Isnt the 650 the small black vacuum actuated one for carbs? I thought the high dollar pump was on the 750 FI units.


----------



## HondaGuy (Mar 2, 2010)

Mr.Scruffy said:


> I think we have a how-to for that set up. Do a search.


There is a writeup for replacing the vacuum pump on the Brutes, this forum, Highlifter, and Kawiriders neither one have anything regarding the electric in-tank pump in the Prairies, i searched all 3 all last weekend. Thought about rigging up an inline but he wouldnt let me, his exact words were if it's worth fixing it's worth doing right the first time. At any rate he ordered the one from the dealer last night.


----------



## HondaGuy (Mar 2, 2010)

Snyiper said:


> Isnt the 650 the small black vacuum actuated one for carbs? I thought the high dollar pump was on the 750 FI units.


Nope, the Prairies (650s at least) have an electric pump in the tank.


----------



## Mr.Scruffy (Jun 25, 2012)

I stand corrected. I thought the Prairies were vacuum operated fuel pumps. Learned something new. thanks.


----------



## Snyiper (May 16, 2012)

HondaGuy said:


> Nope, the Prairies (650s at least) have an electric pump in the tank.

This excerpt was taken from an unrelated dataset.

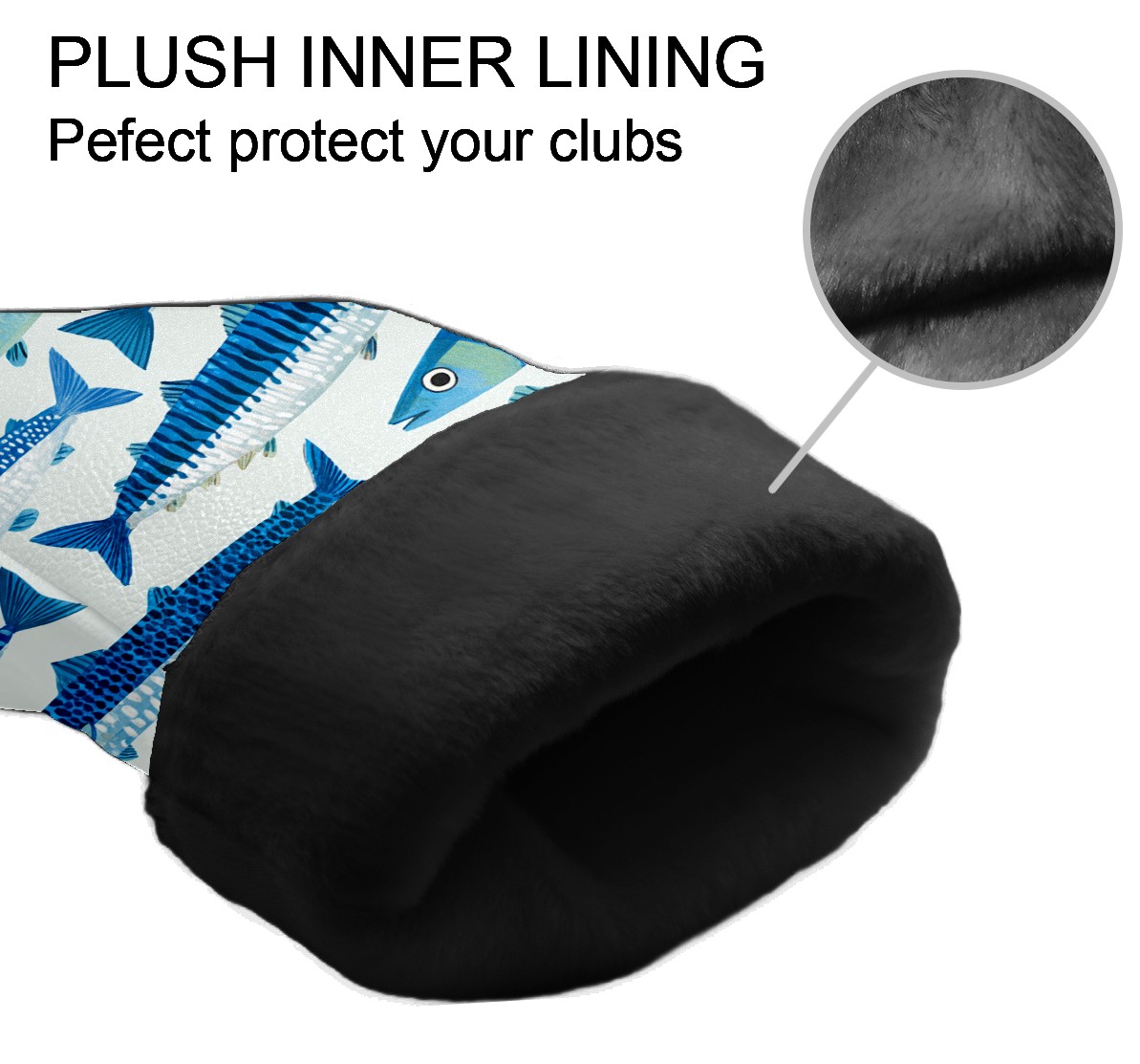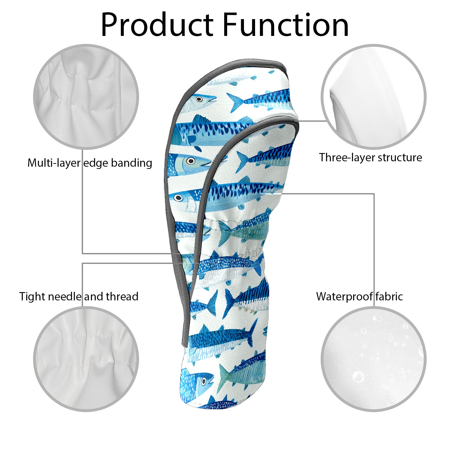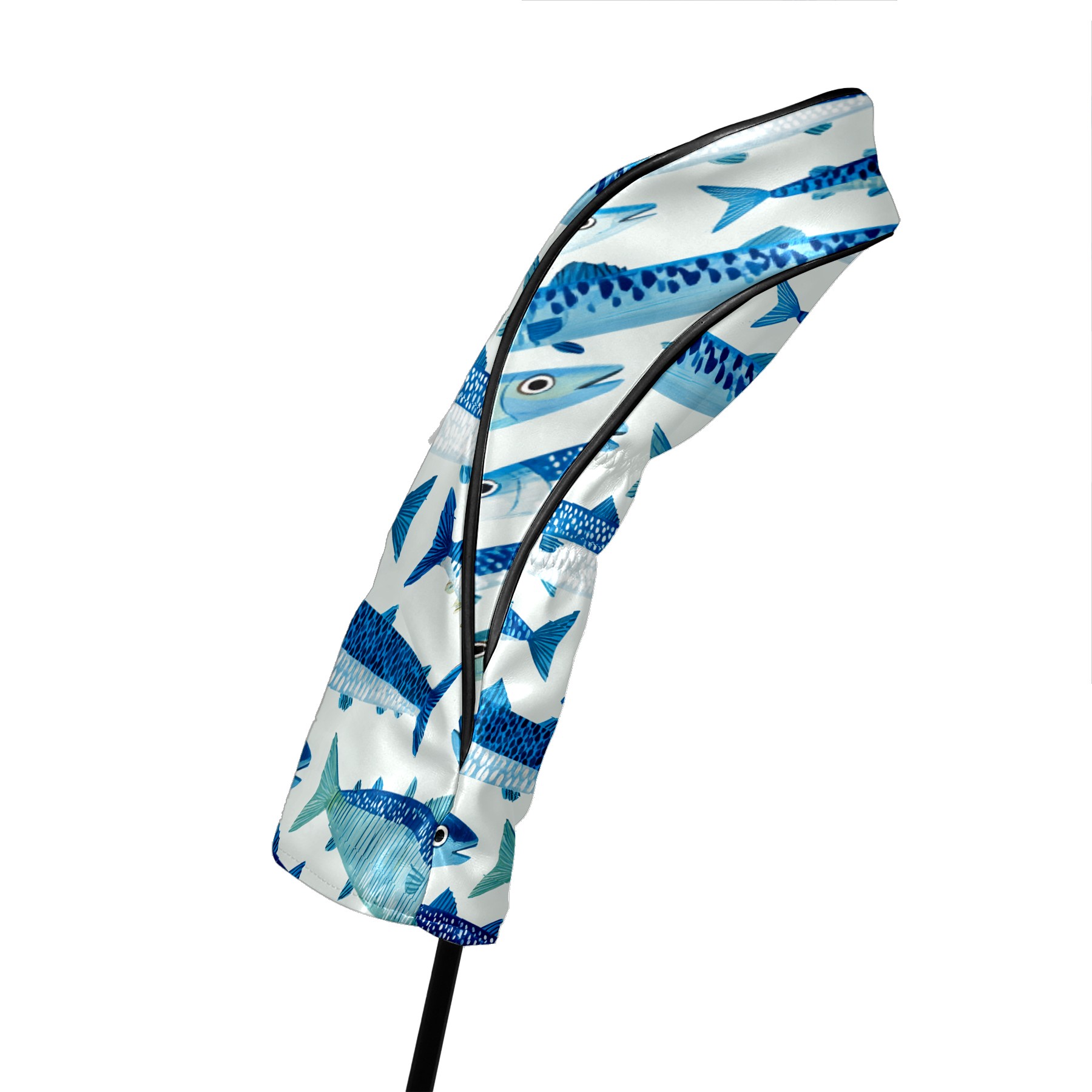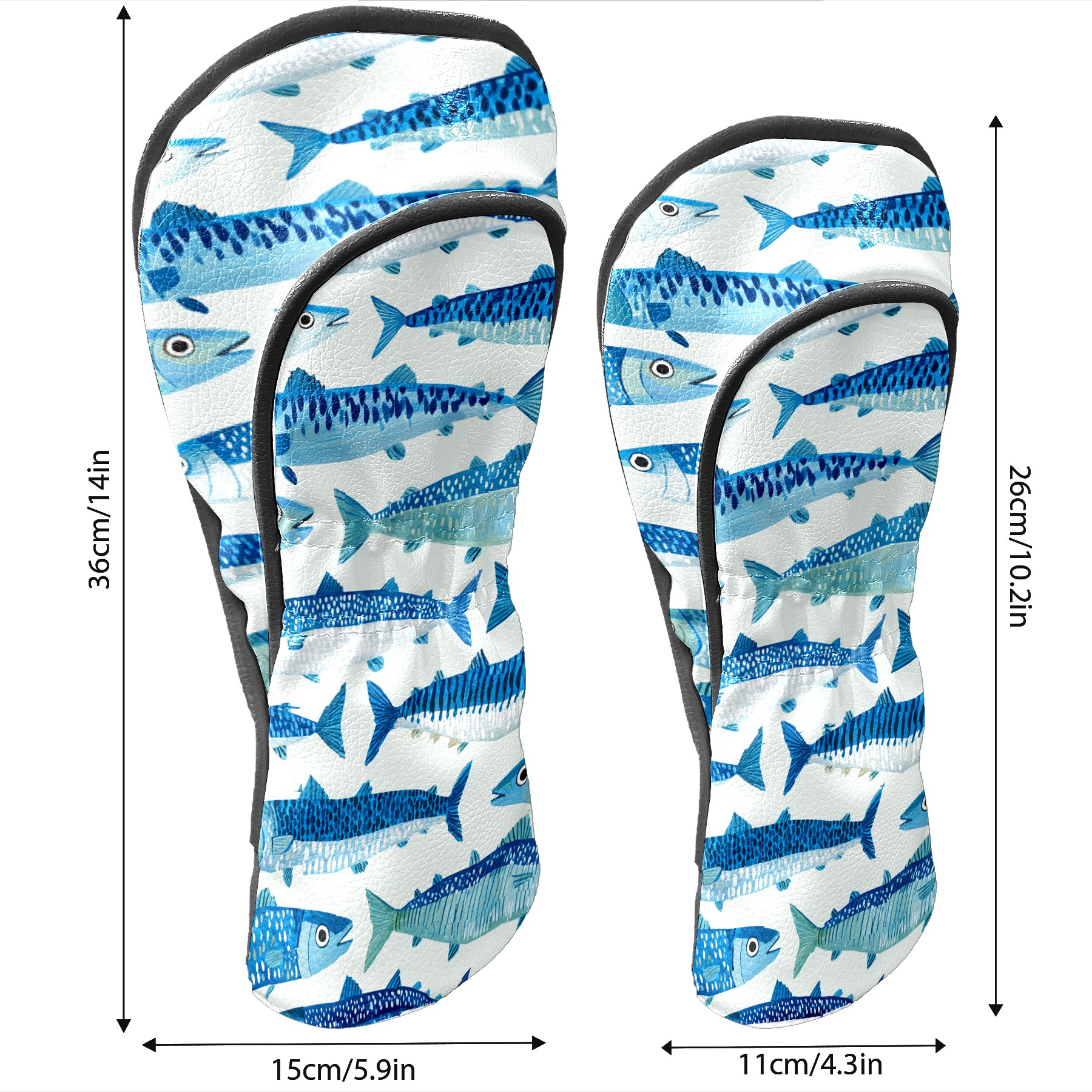 Golf Head Covers Simple Fish Blue for Driver & Fairway Woods | Waterproof PU Leather & Plush Lining | Stylish Gift for Men/Women

Ok the 650I brutes have the vacuum pumps


----------



## rmax (Nov 21, 2009)

i have a 03 650 prarie that i tryed to part out ,but never sold a peice of it, but i thought it had a vac operated pump


----------



## MeanGreenMan (May 24, 2010)

HondaGuy said:


> Nope, the Prairies (650s at least) have an electric pump in the tank.


You are CORRECT that Prairie 650 (with SRA) has electric fuel pump inside the fuel tank.

BF650 (with IRS) and carbed BF750 (2005-7) have a vacuum puse operated fuel pump on top of the fuel tank.

All EFI BF750 (2008+) have electric fuel pump inside the fuel tank.


----------



## HondaGuy (Mar 2, 2010)

rmax said:


> i have a 03 650 prarie that i tryed to part out ,but never sold a peice of it, but i thought it had a vac operated pump


Put that pump on eBay, you'll get a mint for it! lol

Do the 650 SRA Brutes have the same in tank electric pump setup by any chance? I know under the skin so to speak they haven't changed much since the original Prairie in 02.


----------



## filthyredneck (Feb 10, 2010)

My 07 650 sra brute had the vacuum pump....i know for sure because I replaced it due to a bad diaphragm.

"Killing Time Using Tapatalk 2"


----------



## HondaGuy (Mar 2, 2010)

Gotcha, I thought they used the vacuum style but wasn't sure.


----------